Researchers have shown that famous paintings of sunsets can reveal the amount of natural aerosols in the environment after volcanic eruptions.
Published Tuesday in the journal Atmospheric Chemistry and Physics, the new scientific study was based on dozens of paintings from the year 1500 to 2000, the AFP reported.
While paintings of the sunset can vary depending on the artist's mood, the Greek and German researchers also showed that ash and gas from volcanic eruptions made for redder sunsets, said a European Geosciences Union press release.
Because aerosol particles scatter sunlight, skies appear to be redder during sunsets, something that can also be seen with man-made aerosols.
"Nature speaks to the hearts and souls of great artists," lead author Christos Zerefos, a professor of atmospheric physics at the Academy of Athens in Greece, said in the press release. "But we have found that, when coloring sunsets, it is the way their brains perceive greens and reds that contains important environmental information."
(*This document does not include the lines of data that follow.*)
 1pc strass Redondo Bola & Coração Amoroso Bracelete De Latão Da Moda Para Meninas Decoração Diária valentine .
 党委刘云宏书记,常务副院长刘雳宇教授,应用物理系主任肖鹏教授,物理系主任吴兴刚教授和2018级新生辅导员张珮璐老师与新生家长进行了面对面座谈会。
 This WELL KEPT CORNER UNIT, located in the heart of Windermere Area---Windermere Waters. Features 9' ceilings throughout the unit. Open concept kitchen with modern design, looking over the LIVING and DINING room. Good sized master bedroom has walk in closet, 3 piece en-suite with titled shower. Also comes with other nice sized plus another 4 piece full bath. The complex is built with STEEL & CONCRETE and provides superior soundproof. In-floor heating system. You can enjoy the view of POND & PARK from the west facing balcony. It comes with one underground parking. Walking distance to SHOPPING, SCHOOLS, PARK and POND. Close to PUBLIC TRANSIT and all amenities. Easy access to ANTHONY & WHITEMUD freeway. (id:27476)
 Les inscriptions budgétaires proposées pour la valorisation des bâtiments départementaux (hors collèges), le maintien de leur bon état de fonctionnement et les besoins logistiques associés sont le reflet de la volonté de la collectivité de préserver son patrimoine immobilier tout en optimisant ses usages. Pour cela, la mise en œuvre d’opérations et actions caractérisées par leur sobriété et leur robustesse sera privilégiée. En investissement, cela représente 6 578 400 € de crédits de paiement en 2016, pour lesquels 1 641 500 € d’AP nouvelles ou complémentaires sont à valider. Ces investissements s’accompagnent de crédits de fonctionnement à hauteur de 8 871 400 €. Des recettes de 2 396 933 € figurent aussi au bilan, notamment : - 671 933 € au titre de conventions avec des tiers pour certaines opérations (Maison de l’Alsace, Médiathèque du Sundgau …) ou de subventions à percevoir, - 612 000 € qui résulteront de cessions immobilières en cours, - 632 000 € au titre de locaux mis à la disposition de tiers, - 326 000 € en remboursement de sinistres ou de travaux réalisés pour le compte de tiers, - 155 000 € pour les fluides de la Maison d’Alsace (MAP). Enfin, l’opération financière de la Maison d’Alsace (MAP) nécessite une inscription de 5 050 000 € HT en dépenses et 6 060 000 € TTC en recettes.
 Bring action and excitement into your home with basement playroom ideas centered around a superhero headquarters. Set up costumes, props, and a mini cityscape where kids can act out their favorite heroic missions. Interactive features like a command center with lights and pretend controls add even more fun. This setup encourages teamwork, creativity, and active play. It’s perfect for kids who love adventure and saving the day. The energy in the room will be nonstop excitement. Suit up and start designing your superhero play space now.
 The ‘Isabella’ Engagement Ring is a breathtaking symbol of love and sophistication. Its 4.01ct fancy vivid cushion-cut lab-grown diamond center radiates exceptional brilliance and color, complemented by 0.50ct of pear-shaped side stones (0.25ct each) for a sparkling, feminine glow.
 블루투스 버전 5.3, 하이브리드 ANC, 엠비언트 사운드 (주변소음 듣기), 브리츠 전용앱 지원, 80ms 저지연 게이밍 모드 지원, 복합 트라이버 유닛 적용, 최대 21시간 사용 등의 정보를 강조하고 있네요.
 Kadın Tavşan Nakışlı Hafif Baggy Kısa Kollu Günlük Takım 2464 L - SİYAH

William Turner, a British landscape artist who worked in rich colors, is one artist who unconsciously illustrated the effects of pollution levels through his paintings.
After the 1815 eruption of Indonesia's Tambora volcano, ash and gas in the atmosphere caused sunsets to be especially vivid for around three years afterward, an effect that Turner and other artists captured in their work.
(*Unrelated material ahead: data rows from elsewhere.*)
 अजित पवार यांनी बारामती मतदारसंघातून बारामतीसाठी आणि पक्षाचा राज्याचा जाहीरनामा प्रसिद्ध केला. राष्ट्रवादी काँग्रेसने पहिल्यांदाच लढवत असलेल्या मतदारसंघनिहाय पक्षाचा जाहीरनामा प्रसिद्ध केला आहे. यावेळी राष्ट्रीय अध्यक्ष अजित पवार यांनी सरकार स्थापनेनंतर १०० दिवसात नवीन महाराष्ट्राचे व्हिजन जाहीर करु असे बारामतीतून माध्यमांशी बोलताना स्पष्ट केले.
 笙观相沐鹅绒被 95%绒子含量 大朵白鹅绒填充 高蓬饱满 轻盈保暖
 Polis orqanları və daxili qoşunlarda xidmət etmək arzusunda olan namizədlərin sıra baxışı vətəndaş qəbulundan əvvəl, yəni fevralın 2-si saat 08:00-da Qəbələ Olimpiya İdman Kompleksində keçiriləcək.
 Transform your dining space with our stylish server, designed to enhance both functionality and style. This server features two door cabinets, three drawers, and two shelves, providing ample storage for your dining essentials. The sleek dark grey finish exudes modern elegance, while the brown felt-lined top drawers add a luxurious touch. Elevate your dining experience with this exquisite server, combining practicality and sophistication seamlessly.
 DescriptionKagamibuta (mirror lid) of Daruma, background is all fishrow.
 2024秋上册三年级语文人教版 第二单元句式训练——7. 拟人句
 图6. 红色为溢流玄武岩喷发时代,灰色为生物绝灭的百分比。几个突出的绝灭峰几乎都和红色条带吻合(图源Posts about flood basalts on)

The research team compared the red-to-green ratio on Turner's paintings to records of volcanic eruptions, discovering that the vivid colors in Turner's sunsets correlated to seismic outbursts as well as amounts of sulfate in the area.
To confirm the findings, the researchers commissioned a series of sunset paintings from Greek landscape artist Panayiotis Tetsis. Painting near his home on the island of Hydra in the Aegean Sea, Tetsis was not aware of the experiment's purpose, which was to see if his paintings reflected the aerosol concentrations contained in the air.
The sunset paintings correlated well with the amount of aerosols in the atmosphere, showing that paintings in the past could be used to measure such concentrations.
"We wanted to provide alternative ways of exploiting the environmental information in the past atmosphere in places where, and in centuries when, instrumental measurements were not available," Zerefos said in the press release.